··· Data excerpt ···
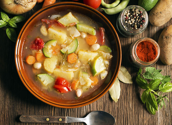 Овощное рагу – прекрасный вариант решения вопроса, чем накормить семью, гостей, друзей, когда не планируешь готовить особо ничего серьезного, но, тем не менее, хочется в результате получить что-то вкусное и несложное. В этом случае на помощь хозяйке придет именно овощное рагу. Вообще принцип овощного рагу сводится к приготовлению блюда из любимых накрошенных овощей, которые закладываются в толстостенную посуду – кастрюлю, сковороду или сотейник – в правильном порядке по мере их приготовления. В остальном – все очень просто. Вы можете в это блюдо добавить практически любые овощи – на то оно и овощное рагу. Рецепт допускает корректировку по вашему усмотрению и вкусу. То же относится и к количеству жидкости: чем больше бульона или воды, тем больше оно будет похоже на суп. Ингредиенты: 2 кабачка, 5 картофелин, 1 болгарский перец, 3 помидора, 1 морковь, 1 луковица, 1 пучок зелени (укроп, петрушка), 2 зубка чеснока, 2 ст. ложки растительного масла, 2 лавровых листа, щепотка молотого кор
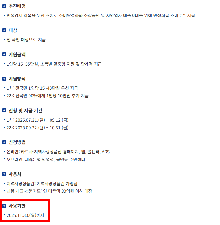 - 사용기한: 2025년 11월 30일(일)까지 (미사용 금액 자동 소멸)
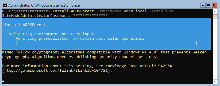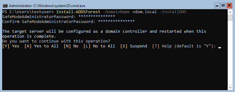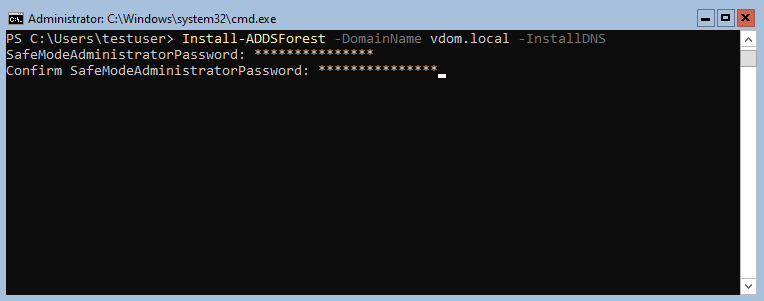 To create a new forest and domain named vdom.local, type Install-ADDSForest -DomainName vdom.local -InstallDNS and press “Enter”.
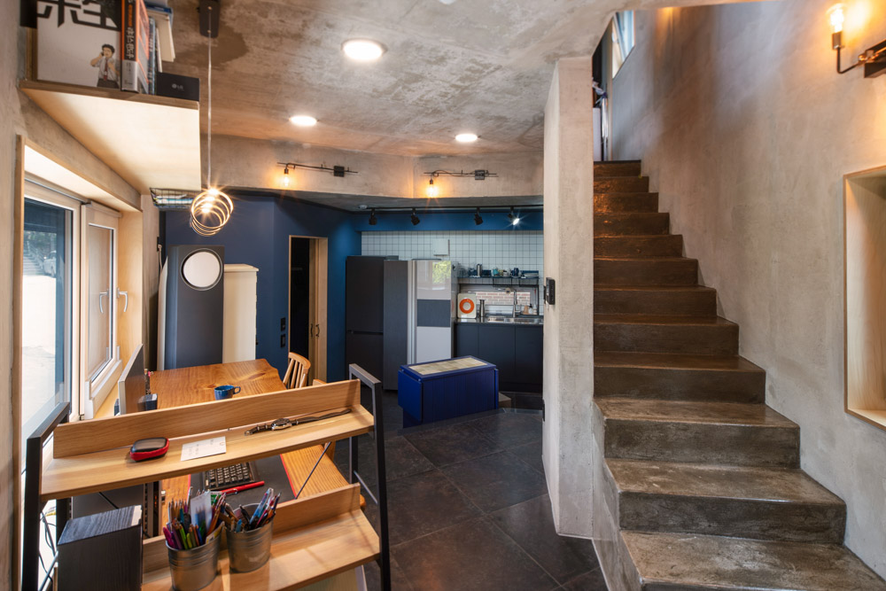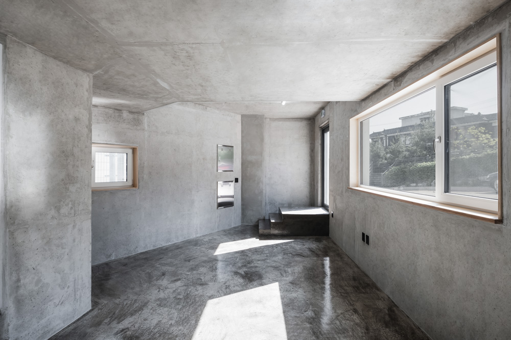 We had to construct the building's outer wall as the main structure to secure indoor space. We selected a reinforced concrete wall structure that is free in form and highly rigid. Upon the client's desired concept of 'a house that doesn't look like a house', the interior finish was made rough through concrete exposure to the wall and surface treatment. In contrast, the exterior finish was made with STO external wall insulation and bright white Lotusan paint. It is intended to give reversal you can't expect when you enter the house. It is a space made of the harmony of the color and texture of floor tiles matching the color of the gray wall and the balance of the partially used paint and lighting color.
···
Exercise aim →
Return nothing but the lines running from the start of the data to the line with "To create a", please, both ends included and no pictures.

Output for this task →
 Овощное рагу – прекрасный вариант решения вопроса, чем накормить семью, гостей, друзей, когда не планируешь готовить особо ничего серьезного, но, тем не менее, хочется в результате получить что-то вкусное и несложное. В этом случае на помощь хозяйке придет именно овощное рагу. Вообще принцип овощного рагу сводится к приготовлению блюда из любимых накрошенных овощей, которые закладываются в толстостенную посуду – кастрюлю, сковороду или сотейник – в правильном порядке по мере их приготовления. В остальном – все очень просто. Вы можете в это блюдо добавить практически любые овощи – на то оно и овощное рагу. Рецепт допускает корректировку по вашему усмотрению и вкусу. То же относится и к количеству жидкости: чем больше бульона или воды, тем больше оно будет похоже на суп. Ингредиенты: 2 кабачка, 5 картофелин, 1 болгарский перец, 3 помидора, 1 морковь, 1 луковица, 1 пучок зелени (укроп, петрушка), 2 зубка чеснока, 2 ст. ложки растительного масла, 2 лавровых листа, щепотка молотого кор
 - 사용기한: 2025년 11월 30일(일)까지 (미사용 금액 자동 소멸)
 To create a new forest and domain named vdom.local, type Install-ADDSForest -DomainName vdom.local -InstallDNS and press “Enter”.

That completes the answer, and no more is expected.